Vietnam is recalibrating the balance between growth and control in its gambling sector as tourism surges and a new technocratic government consolidates power. The country welcomed 6.76 million international visitors in Q1 2026, a record (+12.4% YoY), led by China (1.4 million), South Korea (1.33 million) and the United States (302,000). The official target now stands at 25 million international arrivals and up to US$46 billion in tourism revenue for the year, reinforcing tourism as a core economic pillar.

This momentum coincides with a political shift. On April 7, 2026, Le Minh Hung assumed office as prime minister, under the consolidated leadership of President To Lam. The new administration signals a more technocratic, fiscally disciplined and digitally controlled model, prioritizing growth while tightening oversight across key sectors.

That approach is directly reflected in gambling regulation. The market remains governed by Decree No. 03/2017/ND-CP, amended by Decree No. 145/2024/ND-CP, and reinforced by Resolution No. 08/2025/NQ-CP, effective November 26, 2025. The framework allows eligible Vietnamese players—under strict financial conditions—to access only select projects such as Corona Resort & Casino and The Grand Ho Tram, keeping the market tightly controlled.
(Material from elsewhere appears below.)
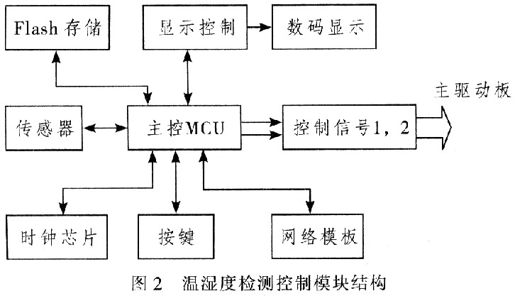 溫濕度測(cè)試模塊的結(jié)構(gòu)如圖2所示,其結(jié)構(gòu)包括:主控制器(MCu)、溫濕度傳感器、數(shù)顯及按鍵、Flash存儲(chǔ)器、網(wǎng)絡(luò)傳輸模塊、時(shí)鐘器件、蜂鳴器。其測(cè)試控制過程為:每隔一定時(shí)間MCU進(jìn)行一次溫濕度測(cè)量,如果與中心服務(wù)器連機(jī),將結(jié)果通過網(wǎng)絡(luò)上傳至中心服務(wù)器,否則將結(jié)果和當(dāng)前時(shí)間存儲(chǔ)在板上的Flash;再將濕度測(cè)量值與用戶設(shè)定值比較,根據(jù)比較的結(jié)果進(jìn)行不同的處理。例如,當(dāng)測(cè)試濕度高于設(shè)定值時(shí),通過控制除濕材料吸收濕氣來降低濕度,如果達(dá)到設(shè)定濕度值后,通過一定的反饋控制使柜內(nèi)的濕度保持于設(shè)定范圍內(nèi)。如果溫度或者濕度高于危險(xiǎn)門限,系統(tǒng)通過蜂鳴器報(bào)警。

Vietnam currently operates nine casinos, including major integrated resorts like Hoiana Resort & Golf, which are increasingly aligned with premium tourism flows. Between 2017 and 2022, the sector generated approximately VND 22.89 trillion (US$950 million) in revenue and contributed VND 11.81 trillion (US$490 million) to the state budget.

Operational data highlights the importance of domestic demand. At Corona Phu Quoc, revenue exceeded VND 2.2 trillion in 2023, up 45.7% YoY, with local players accounting for up to 88% of total revenue during the pilot period—underscoring the latent value of Vietnam’s internal market despite regulatory limits.

Tourism growth is reinforcing this model. During Tet 2026, Vietnam recorded 14 million visitors, boosting destinations such as Phu Quoc and integrated resort hubs. This supports ongoing large-scale investments, including multi-billion-dollar developments in Ho Tram and Hoiana, where casinos function as part of broader ecosystems combining hospitality, retail and entertainment.

The strategic takeaway is clear: Vietnam is not liberalizing gambling—it is integrating it into a state-controlled, tourism-driven fiscal strategy. Growth in the sector will not come from deregulation, but from a model where tourism expansion, strict regulation and fiscal optimization converge.